Aperitivo kantiano para los jóvenes de segundo

Se trata de un vídeo con una aproximación muy sencilla a kant. Os puede aclarar algunas cosillas.

En estos tiempos de penuria hay que aprovecharlo todo.

 

Desde la ética. Nueva invitación a la lectura de Heidegger.

Decía Wittgenstein que la filosofía deja las cosas tal como están. No podría ser de otra manera; pues las cosas son como son. Sin embargo, sí puede la filosofía iluminar las cosas de forma distinta, de tal manera que todo parezca un poco diferente ante esta nueva luz o que se iluminen aspectos ocultos. Este es el modo en que la lectura de los filósofos -o cualquier lectura, al ser hecha al “modo filosófico- influye sobre mí.

Últimamente esa nueva luz procede de Martin Heidegger. A Heidegger no le gustaba que sus reflexiones se interpretasen en clave antropológica, psicológica… ni en cualquier otra perspectiva particular, y nos advierte repetidamente de ello.  Especialmente le disgustaban las lecturas éticas de su obra, creo que por lo que en la ética hay de normativo, de valorativo. Su filosofía pretende, al atenerse al método fenomenológico,  ser puramente descriptiva  y, en cuanto que su objetivo es constituir o preparar una ontología fundamental -la pregunta por el sentido del ser en general-, pretende dar con el fundamento de toda particularidad. Sin embargo, su lectura arroja una potentísima luz sobre los asuntos éticos. Me gustaría dar unas breves impresiones de ello en las que, sin duda, podrá reconocerse, quizá de modo indistinguible, el pensamiento de Ortega o de Sartre.

Martin Heidegger concibe la existencia humana como proyecto, cada uno de nosotros somos un esbozo, un borrador, que debe concretarse, realizarse, ganarse o también perderse. La existencia es así una carga, inevitable,  pues cada cual tiene fatalmente que cargar consigo mismo, sea desde el fastidio y la aversión que pretenden esquivarla o desde el júbilo en que la carga parece desaparecer. Uno tiene que cargar consigo mismo.

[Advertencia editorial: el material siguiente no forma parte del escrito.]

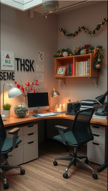 Small details, like ornaments or seasonal plants, keep the space feeling fresh and lively. These simple touches not only brighten your desk but also make it feel more personal, transforming your workspace into an environment you’ll truly enjoy spending time in.
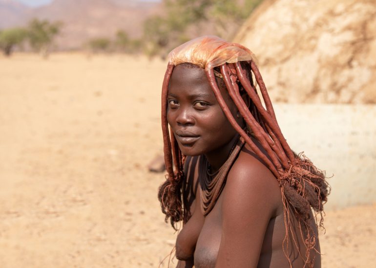 In der Pubertät binden die Himbamädchen ihre Zöpfe nach vorne - Kaokoland
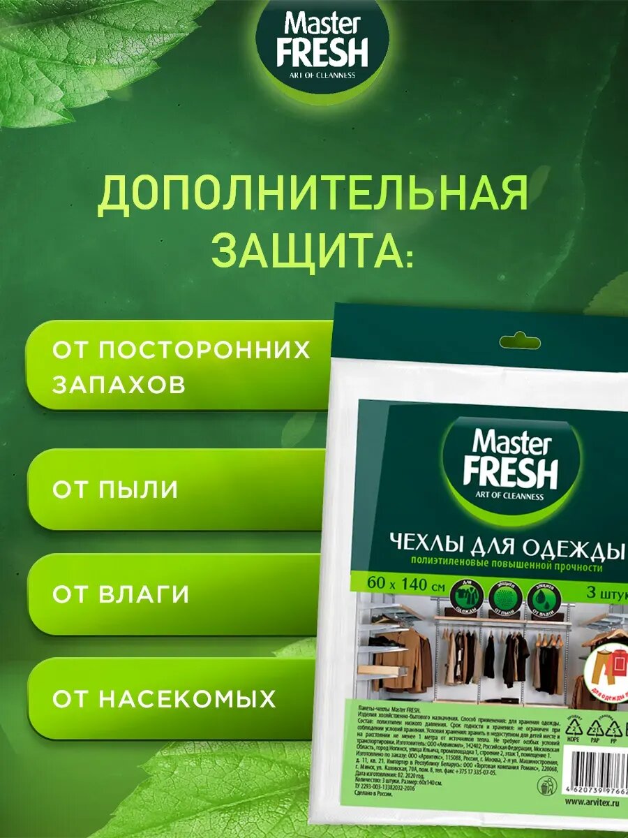 Пакеты для хранения одежды Master Fresh Повышенной прочности набор 60*140см 14мкм 3шт*5шт интересное:
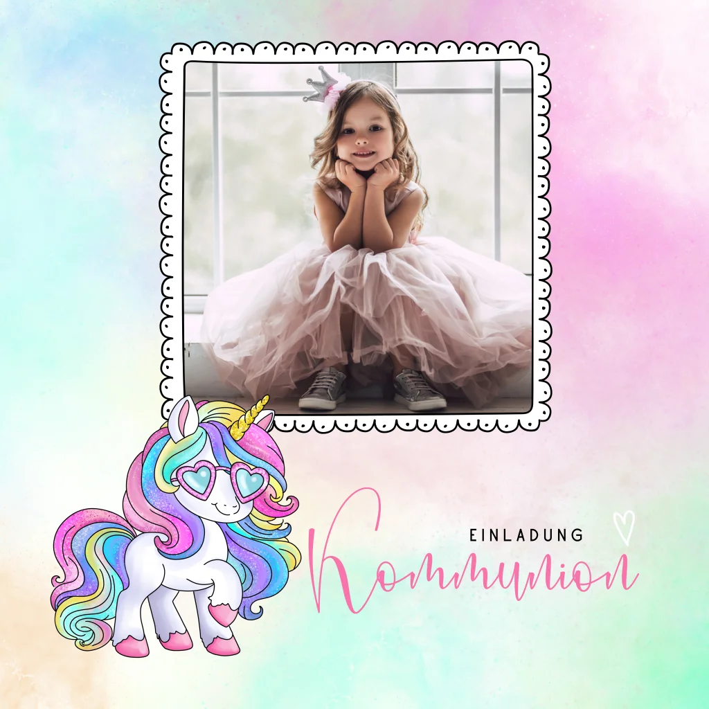 Bunte Einladung zur Kommunion mit Cartoon-Pferd und gezeichneten Rahmen

En esa existencia nos encontramos ante cosas diferentes de uno mismo y con las que tenemos que ocuparnos, esa relación con las cosas se define desde la utilidad, las cosas aparecen como útiles o inútiles. En tanto que útiles, no tienen sentido en particular, sino en la medida en que se organizan dentro de una totalidad de remisiones entre ellas; por su parte cada totalidad remite y, toma su sentido, de la existencia humana, a la que sirve. La misma naturaleza aparece en primer término como útil; el sol que da calor, que organiza las diferentes actividades del día y el espacio de la casa, con sus zonas de sol y sombra…etc.

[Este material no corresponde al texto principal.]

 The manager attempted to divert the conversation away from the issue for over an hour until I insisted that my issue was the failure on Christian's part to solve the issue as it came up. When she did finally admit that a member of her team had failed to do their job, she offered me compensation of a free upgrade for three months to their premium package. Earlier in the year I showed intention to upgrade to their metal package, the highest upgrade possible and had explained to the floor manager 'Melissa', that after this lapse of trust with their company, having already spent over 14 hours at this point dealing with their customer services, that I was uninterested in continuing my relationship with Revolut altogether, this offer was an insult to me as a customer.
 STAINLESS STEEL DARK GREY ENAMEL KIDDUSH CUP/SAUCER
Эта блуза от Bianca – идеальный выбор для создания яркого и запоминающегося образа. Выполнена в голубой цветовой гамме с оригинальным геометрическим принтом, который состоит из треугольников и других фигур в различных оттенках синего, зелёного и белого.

Junto a las cosas (los útiles) aparecen los otros, a los cuales no concibo como útiles, sino como coexistencias; otros que tienen, al igual que yo, que hacerse cargo de su propio ser, que tienen que cargar consigo mismo. Mi relación con ellos no se define desde la utilidad, sino desde la solicitud,  la cual se establece sobre dos aspectos: el respeto y la indulgencia, que tienen tanto sus diferentes grados como sus diferentes formas propias y deficientes. Por ejemplo, la relación de amistad con otro supone cierto respeto mutuo y cierta indulgencia, sin las cuales no podría haber una relación de amistad auténtica. Respeto e indulgencia pueden adoptar formas deficientes /negativas como el temor o la pura indiferencia o formas propias/positivas como la admiración o el perdón.

Por último aparece  la relación con el propio sí mismo, con uno mismo. La ocupación se torna cuidado, preocupación por mí mismo, por la realización de mi propio proyecto, el cual es inseparable de las cosas y de los otros, de los cuales necesita para realizarse. Mi vida puede quedar afectada por la insatisfacción o la frustración ante la constatación de ser incapaz de llevar a cabo mi propia tarea, quedar incompleta o truncarse. O peor aún, que eso que creo mi proyecto se revele como no siendo mío. Sino  que, como quizá sea inevitable, me venga impuesto desde los otros, desde el impersonal, desde el nadie… Mi existencia se revela entonces como inauténtica, mi vida cómo pérdida.

Sin duda, existencia, proyecto, respeto, indulgencia, propiedad, impropiedad son conceptos con gran pregnancia ética. Conceptos en los que resuenan las viejas máximas: “Conócete a ti mismo” y “Tú debes llegar a ser el que eres”.